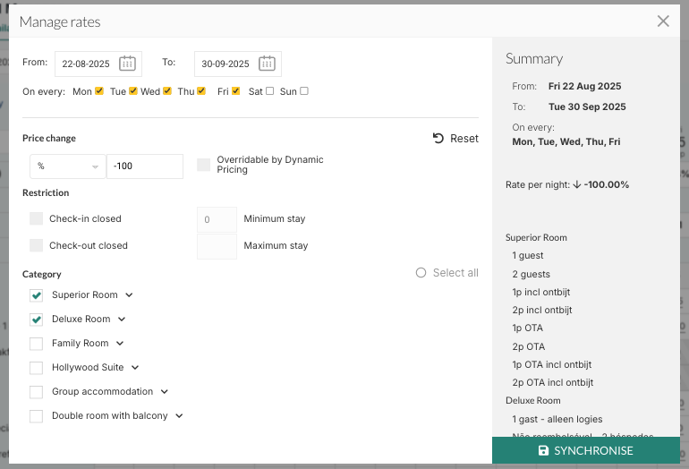 Select the date range, weekdays, and rates to apply restrictions.
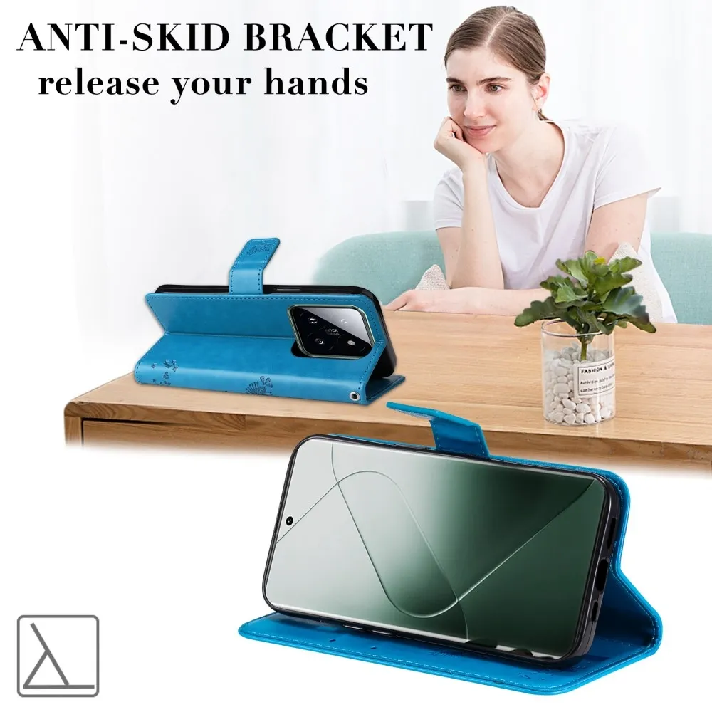 Kék pénztárca tok fák a Xiaomi 14 Pro-hoz
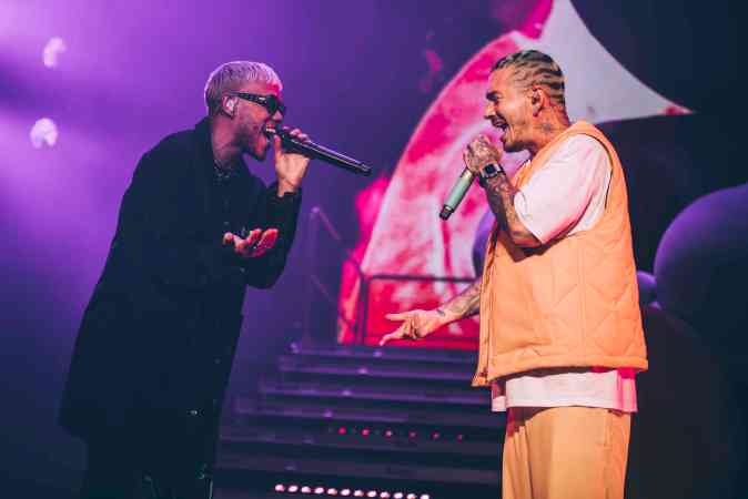 It’s always interesting to see how artists whose work is heavily tied to collabs will deliver tracks live: As expected, Balvin employed some guests, like Luigi 21 Plus for “Siempre Papi, Nunca Inpapi” and Jowell & Randy for “Bonita” (The latter got their own time performing – and promoting their own upcoming San Juan show – while Balvin rooted them on while sidled up to his DJ).
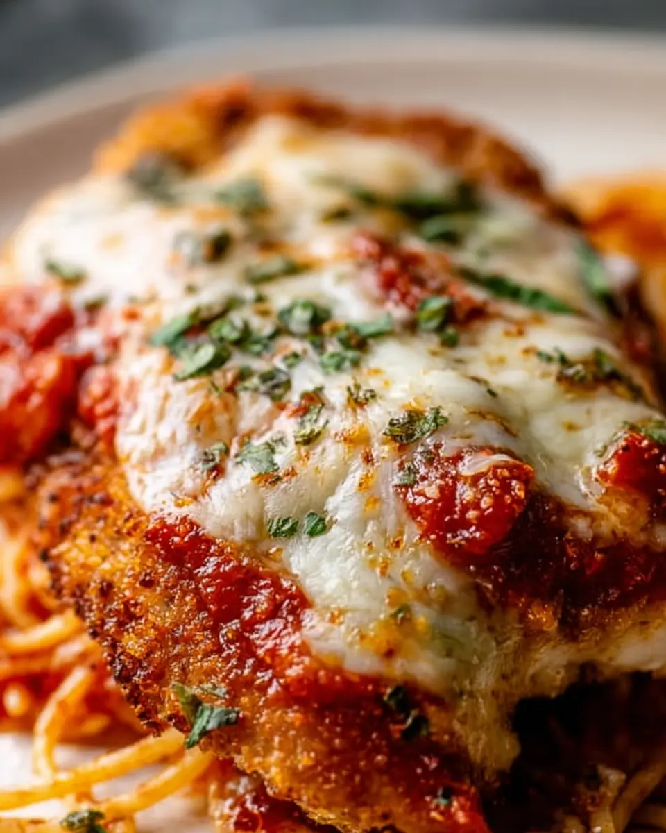To achieve perfectly juicy chicken in your Chicken Parmesan, start by making sure to butterfly the chicken breasts evenly. This helps them cook through uniformly. Season generously with salt and pepper for enhanced flavor. A quick sear in a hot skillet gives a beautiful crispness while locking in moisture—avoid overcooking during this step!
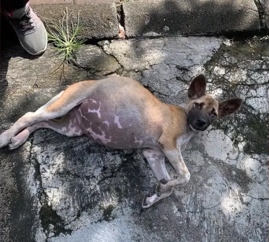 He was found lying near the edge of a noisy street, where engines roared past and footsteps never slowed. Most people saw nothing more than another stray blending into the chaos. But when you looked closer, the truth was impossible to ignore.
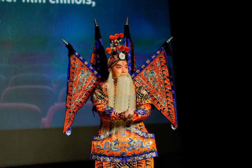 9月22日,京劇演員譚正巖在音樂會上表演京劇《定軍山》片段。新華社記者 謝晗 攝
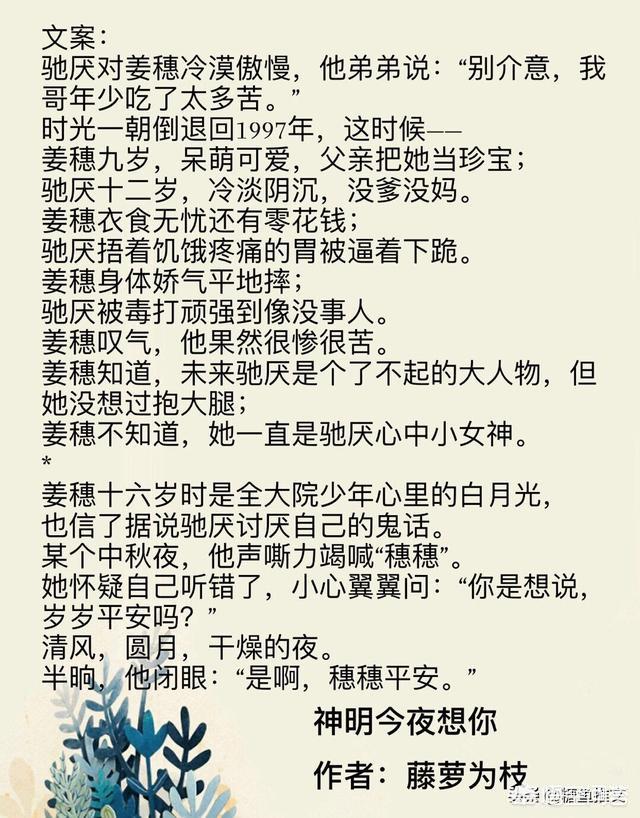 最近有很多小说都很好看啊,看的我都停不下来。 喜欢看小说的朋友一定要关注糖鱼,糖鱼每天为大家推荐各种小说哟。 最近觉得好看的小说推荐有: 校园甜文+男主偏执类1.藤萝为枝的《神明今夜想我》。 一本女主重生的校园甜文,我超级爱这个作者,喜欢他的《魔鬼的体温》《偏偏宠爱》原名《病态宠爱》《娇软美人》,男主都是霸道占有欲强偏执类型,女主都是小可爱,治愈男主的代表。神明这篇女主也是重生回小时候,男主同样小时候很惨,无父无母,还要捡垃圾养活弟弟,当然后期男主就很强大了翻盘了,女主上辈子害怕男主,重生后才发现男主很惨,害怕的时候又忍不住帮助他,治愈他,而对男主来说,他喜欢了女主两辈子。反正很好看啦。 2.春风榴火新文《在偏执的他心里撒个野》。 超级好看,是《在暴戾的他怀里撒个娇》同系列文第二本,也是女主重生文,女主重生治愈男主,看过暴戾这本的人一定不能错过了,类型都一样,男主女主我都爱,太好看了。 3.《穿成菟丝花女主的姐姐》。 很好看,前面以为就是单纯的校园文,女主穿越遇见男主学霸。改变自己的命运,最爱这段女主不想撩男主,但是男主一直觉得她很可爱很爱他的情节,笑死了。到后面有一点悬疑,男女主有三世人生,还有法术的感觉,女主一直莫名其妙死去,每一世两人都互相爱恋,后面经过两人努力终于打破了命运的枷锁。 4.《好好学习,天天恋爱》。 女主重生学霸文,励志文。前世女主很普通,男主竹马学霸,牛人,即将迎娶白富美走上人生巅峰,两人渐行渐远过上不同的人生。很让人遗憾。重生后女主努力学习,成为学霸的同时搞定了男神竹马。这本很励志,告诉我们只要努力就会成功,但是糖鱼只能过女主上辈子那种了。。。伤心。 穿书文1.陛下不上朝的《我帮首富花钱挡灾》 这本就是单纯的甜文爽文,男主超级富豪,女主穿书后被原书男主抛弃,转身嫁给首富之子,然后不断替他花钱消灾,很搞笑。 2.凤阿凤的《黑化男配是我同桌》 一篇穿书女配,原著男主黑化大佬,毁灭世界,女主穿后为了世界和活命不断拯救男主,让男主感受到了仅有的温暖并爱上了他。男主家庭不好,父亲很坏,经常敲诈他,男主化学很好,后期成为了科学家。这篇一直是女主为男主付出,女主真的很善良很美好,为了男主付出很多,还为了男主出国等,很爱这个女主。 3.美人无霜《大佬成了我三岁儿子》很好看的一篇晋江榜单文。带一点奇幻色彩,男主会变成三岁小朋友,被穿过去的女主捡到,小身体大灵魂的反差感十足,这一段特别逗。男主先狗后忠犬,追妻火葬场系列,不虐,文文甜到牙痛。 4.绵夏《穿成女配带球跑》这本也很热门,女主穿到一本古早霸总文里,自认为男主不爱原书中女配,自觉远离男主,才发现情节与原书不对,其实男主高冷偏执,深情不渣,从头到尾只爱女主一个人,也属于娱乐圈文。 都市甜文1.顾西爵新文《我念你如初》是一本双向暗恋+久别重逢的文,特别温暖特别治愈。半校园半都市,涉及戏曲题材。女主是可爱听话软糯全才话剧小导演,男主是高贵冷艳昆曲界当红小生,两人在校园时期相互暗恋,后来分开相遇,女主原本是很淡定的人但是与男主重逢后,立马状态不佳,没事朝别人笑,特别甜。男主日子过得像退休老干部,吃饭姿势很糙,望着小许导的眼神,是一脸想结婚生子的表情。谈恋爱的时候腻腻歪歪,总之是一篇超甜文。 2.栖见新文《玫瑰挞》超级好看,因为《白日梦我》而喜欢上这个作者,她的文超火超甜。这篇《玫瑰挞》女主是拥有网红身份的上班族,男主军校入伍,男女主从小一个院子长大,男主一直以为女主喜欢别人,但是其实他们俩相互暗恋,中间分开十年后再次相遇,这时男主因为出了事很丧,遇见女主治愈了他。很爱这本。 3.玖月晞新文《南江十七夏》文笔和故事一日既往的好,在文中对自己的童年青春也很有一种共鸣,写的是学生时代的故事,也有关于五个小伙伴从小到大的友谊,就像是看自己的过去一样,很特别的一篇文。 4.鹿灵《初吻日记》是一篇超甜的娱乐圈恋爱甜文,开篇是男女主上综艺谈恋爱。但是其实女主高中就暗恋男主,私下各种吹男主彩虹屁,见到男主又很怂。中间还有女主被公司坑,男主实力护妻的情节,整体是一篇很甜很甜的恋爱文。收藏很高很好看。 5.梦筱二《盛夏之恋》强推。梗超多,有破镜重圆+女追男+追妻火葬场情节。女主白富美,从小就喜欢男主,先追求男主先表白。男主是《就这样恋着你》那本书的男二,霸总一枚,从前有很喜欢的人,认识女主后为了不让女主知道从前那段一直撒谎,期间还伤害过女主,后来女主知道真相,就开始虐男主,男主开始了追妻之路,最后大圆满结局,非常好看。 古言重生文1.《蜜宠娇娘》是一篇重生种田文,宅斗类型的甜文。 2.《相公,你也复生了?》是一篇重生弥补类,追妻火葬场古言甜文。 3.《三弃公子》是一篇重生虐文,虐恋情深,男主超级病娇偏执。 4.假面的盛宴这本《家养小首辅》特别好看,特别热门,也是一篇老文了,再次推荐给大家,因为这本实体书预售开始啦,喜欢的朋友可以再次看一遍。 5.绿药《给前任他叔冲喜》超级热门,晋江收藏16万多,古言婚后文,我特别喜欢男主为女主做好一切的剧情,文笔和剧情都很好,大爱。 6.醉折枝《给您跪下》是一篇甜的搞笑的古言重生,架空历史,略有唐影。剧情有起有伏,也有伏笔,1v1撒娇打滚

:: What you are asked to do ::
Your answer must be the exact lines from the start of the data through the line with "Kék pénztárca tok fák a Xiaomi 14 Pro-hoz", inclusive, and nothing else; pictures do not belong in it.

:: Exercise result ::
 Select the date range, weekdays, and rates to apply restrictions.
 Kék pénztárca tok fák a Xiaomi 14 Pro-hoz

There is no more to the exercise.